This weekend we will commemorate two momentous events. On Saturday the 27th September 2014 we shall be remembering the 45th anniversary of the martyrdom of Imam Abdullah Haron, who was killed in an apartheid prison in 1969. On Sunday 28th September 2014, we shall be marking the 160th anniversary since the establishment of the Claremont Main Road Masjid (CMRM) in 1854, by hosting a khatam al-Qur’an in honour of its founder, Imams, administrators and congregants.

It is fortuitous, that both of these commemorations, the martyrdom of
Imam Abdullah Haron and the 160th anniversary of CMRM, takes place
during the week that we are celebrating Heritage Day.

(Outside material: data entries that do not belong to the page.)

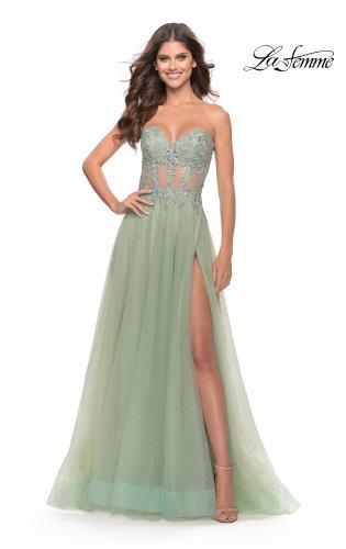 Prom Dress with Rhinestone Sheer Bodice and Asymmetrical Skirt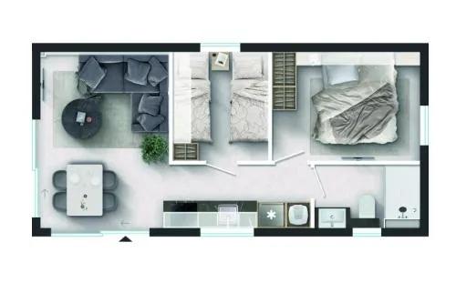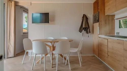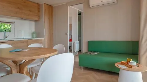 Boasting a private entrance, this air-conditioned mobile home features a kitchenette, 2 bedrooms and 2 bathrooms with a shower and a bidet. Meals can be prepared in the well-fitted kitchenette, which has a stovetop, a refrigerator, a dishwasher and kitchenware. This mobile home comes with a dining area, a flat-screen TV with cable channels a seating area and a terrace. The unit has 2 beds.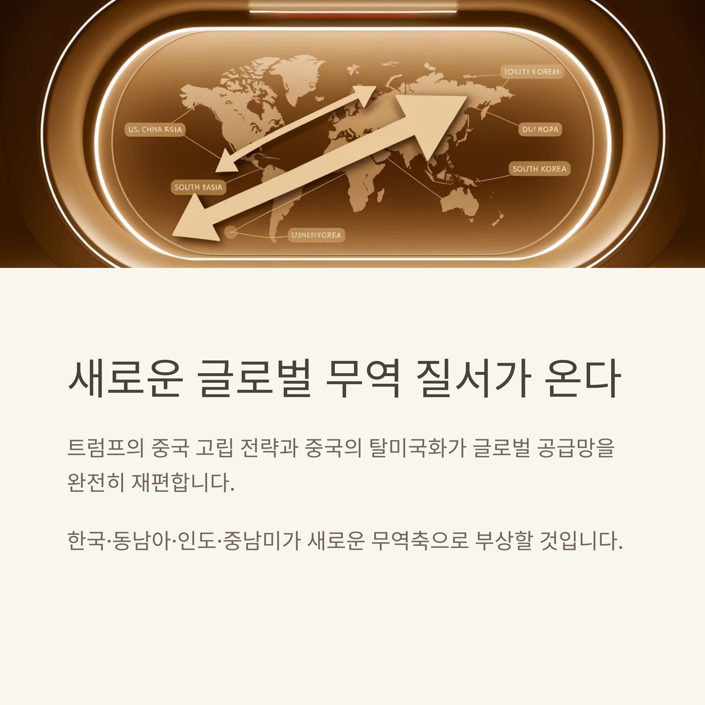 이번 무역전쟁은 단순히 과거의 반복이 아니라, 훨씬 더 구조적이고 장기적인 패권경쟁으로 진화하고 있다는 점에서 주목할 필요가 있습니다.
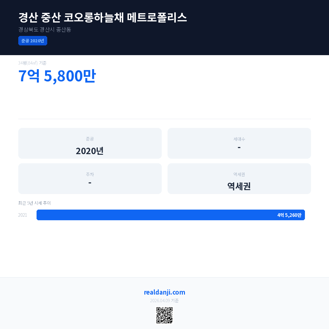 경산 중산 코오롱하늘채 메트로폴리스은(는) 2020년에 준공되었으며, 현재 6년차입니다.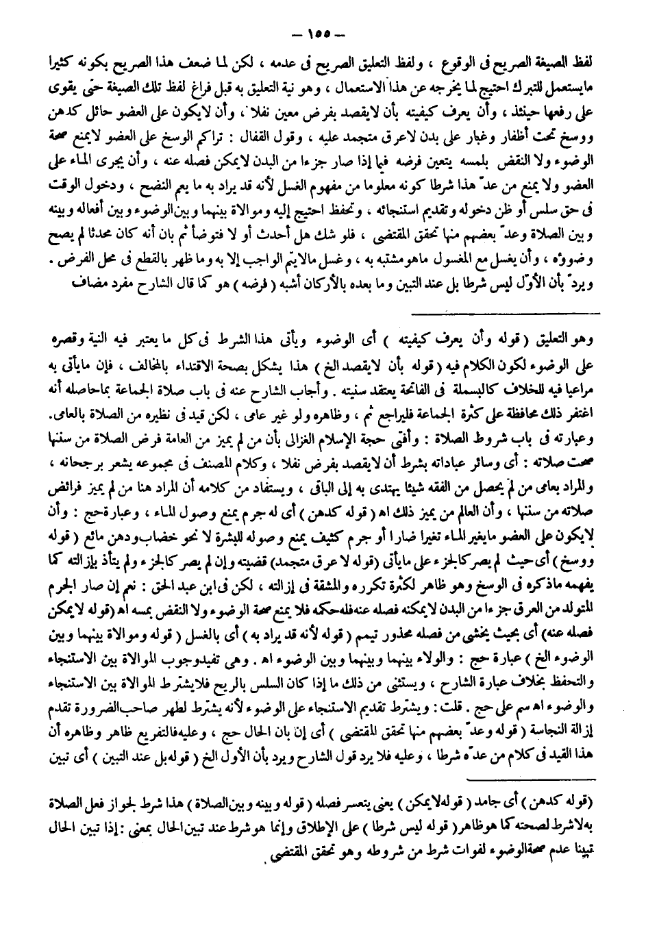 وَأَجَابَ الشَّارِحُ عَنْهُ فِي بَابِ صَلَاةِ الْجَمَاعَةِ بِمَا حَاصِلُهُ أَنَّهُ اُغْتُفِرَ ذَلِكَ مُحَافَظَةً عَلَى كَثْرَةِ الْجَمَاعَةِ فَلْيُرَاجَعْ ثَمَّ، وَظَاهِرُهُ وَلَوْ غَيْرَ عَامِّيٍّ، لَكِنْ قُيِّدَ فِي نَظِيرِهِ مِنْ الصَّلَاةِ بِالْعَامِّيِّ. وَعِبَارَتُهُ فِي بَابِ شُرُوطِ الصَّلَاةِ: وَأَفْتَى حُجَّةُ الْإِسْلَامِ الْغَزَالِيُّ بِأَنَّ مَنْ لَمْ يُمَيِّزْ مِنْ الْعَامَّةِ فَرْضَ الصَّلَاةِ مِنْ سُنَنِهَا صَحَّتْ صَلَاتُهُ: أَيْ وَسَائِرُ عِبَادَاتِهِ بِشَرْطِ أَنْ لَا يَقْصِدَ بِفَرْضٍ نَفْلًا، وَكَلَامُ الْمُصَنِّفِ فِي مَجْمُوعِهِ يُشْعِرُ بِرُجْحَانِهِ، وَالْمُرَادُ بِعَامِّيٍّ مَنْ لَمْ يُحَصِّلْ مِنْ الْفِقْهِ شَيْئًا يَهْتَدِي بِهِ إلَى الْبَاقِي، وَيُسْتَفَادُ مِنْ كَلَامِهِ أَنَّ الْمُرَادَ هُنَا مَنْ لَمْ يُمَيِّزْ فَرَائِضَ صَلَاتِهِ مِنْ سُنَنِهَا، وَأَنَّ الْعَالِمَ مَنْ يُمَيِّزُ ذَلِكَ اهـ (قَوْلُهُ: كَدُهْنٍ) أَيْ لَهُ جِرْمٌ يَمْنَعُ وُصُولَ الْمَاءِ، وَعِبَارَةُ حَجّ: وَأَنْ لَا يَكُونَ عَلَى الْعُضْوِ مَا يُغَيِّرُ الْمَاءَ تَغَيُّرًا ضَارًّا أَوْ جِرْمٌ كَثِيفٌ يَمْنَعُ وُصُولَهُ لِلْبَشَرَةِ لَا نَحْوُ خِضَابٍ وَدُهْنٍ مَائِعٍ (قَوْلُهُ: وَوَسَخٍ) أَيْ حَيْثُ لَمْ يَصِرْ كَالْجُزْءِ عَلَى مَا يَأْتِي (قَوْلُهُ: لَا عَرَقٍ مُتَجَمِّدٍ) قَضِيَّتُهُ وَإِنْ لَمْ يَصِرْ كَالْجُزْءِ وَلَمْ يَتَأَذَّ بِإِزَالَتِهِ كَمَا يَفْهَمُهُ مَا ذَكَرَهُ فِي الْوَسَخِ وَهُوَ ظَاهِرٌ لِكَثْرَةِ تَكَرُّرِهِ وَالْمَشَقَّةِ فِي إزَالَتِهِ، لَكِنْ فِي ابْنِ عَبْدِ الْحَقِّ: نَعَمْ إنْ صَارَ الْجِرْمُ الْمُتَوَلِّدُ مِنْ الْعَرَقِ جُزْءًا مِنْ الْبَدَنِ لَا يُمْكِنُهُ فَصْلُهُ عَنْهُ فَلَهُ حُكْمُهُ فَلَا يَمْنَعُ صِحَّةَ الْوُضُوءِ وَلَا النَّقْضُ بِمَسِّهِ اهـ (قَوْلُهُ لَا يُمْكِنُ فَصْلُهُ عَنْهُ) أَيْ بِحَيْثُ يَخْشَى مِنْ فَصْلِهِ مَحْذُورَ تَيَمُّمٍ (قَوْلُهُ: لِأَنَّهُ قَدْ يُرَادُ بِهِ) أَيْ بِالْغَسْلِ (قَوْلُهُ: وَمُوَالَاةٍ بَيْنَهُمَا وَبَيْنَ الْوُضُوءِ إلَخْ) عِبَارَةُ حَجّ: وَالْوَلَاءُ بَيْنَهُمَا وَبَيْنَهُمَا وَبَيْنَ الْوُضُوءِ اهـ.

For some time now,
we have been advocating the view that Heritage Day should not only be
about celebrating diversity by getting to know other cultures, but more
importantly it should also be about getting to know one’s own history,
heritage and culture. Such a purpose for Heritage Day celebrations
becomes all the more critical in our globalizing context which erodes local
traditions and cultures.

In this khutbah, I would like to briefly reflect on the significance of these
two commemorative events which form an important part of our Cape
Muslim heritage, history and legacy. I conclude with a word of advice on
how we can memorialize and institutionalize these treasures.

Imam Haron and the Claremont Muslim Youth Association

It might be useful to begin by reminding ourselves of the integral link between these two seemingly disparate features of our heritage, namely the history and legacy of CMRM and the life and martyrdom of ImamAbdullah Haron.

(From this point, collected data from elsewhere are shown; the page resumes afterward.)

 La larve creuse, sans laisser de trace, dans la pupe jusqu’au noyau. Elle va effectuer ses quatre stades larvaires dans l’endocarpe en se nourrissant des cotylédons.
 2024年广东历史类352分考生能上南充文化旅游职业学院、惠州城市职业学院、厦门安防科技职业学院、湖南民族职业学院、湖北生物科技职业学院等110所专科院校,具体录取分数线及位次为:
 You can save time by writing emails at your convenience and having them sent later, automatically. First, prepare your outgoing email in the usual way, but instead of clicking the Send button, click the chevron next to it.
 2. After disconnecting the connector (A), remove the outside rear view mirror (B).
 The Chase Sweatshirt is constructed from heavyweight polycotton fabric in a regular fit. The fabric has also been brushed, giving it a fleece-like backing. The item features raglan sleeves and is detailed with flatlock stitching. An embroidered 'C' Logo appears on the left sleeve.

It is significant to note that not only was Abdullah Haron born in
Claremont in 1924, but his early Islamic formation took place in CMRM. It
was the Imam of CMRM, Shaykh Abubakr Abderoef (d.1932), who
officiated at both Abdullah Haron’s name-giving and circumcision
ceremonies. Moreover, in 1955 when Abdullah Haron was appointed as the
Imam of the Al-Jamia Masjid in Stegman Road, Claremont, his father and
many of his closest relatives and friends remained staunch congregants of
CMRM.

During the 14 year period of his imamat at the Al-Jamia Masjid, from
1955-1969, Imam Haron forged a close relationship with the alienated
Claremont Muslim youth. He developed a symbiotic relationship with the
youth in which he revitalized their faith in Islam by teaching them a more
dynamic and socially responsive understanding of Islam, and he in turn
learnt from their political activism and involvement in anti-apartheid
struggles.

By the end of the 1950’s their alliance led to the formation of the
Claremont Muslim Youth Association (CMYA). Together, they sought
guidance and inspiration from Islamic texts in their struggle for social
justice. This youth movement articulated a more comprehensive and
socially responsive understanding of Islam and was particularly critical of
the discriminatory policies of the apartheid system.

In 1962, CMYA played a leading role in the production of a document entitled ‘The Call of Islam’ in which they declared apartheid a heresy. As a result of these developments Imam Haron became a towering figure in the struggle against apartheid and he paid the supreme sacrifice for his witness to justice.

After being held by the state security for 123 days incommunicado Imam
Haron died in an apartheid prison on September 27, 1969. According to
police reports the Imam’s death had been caused by a fall from a flight of
stairs at the Maitland police station. A subsequent autopsy report revealed
28 bruises on the Imam’s body, mostly on the legs.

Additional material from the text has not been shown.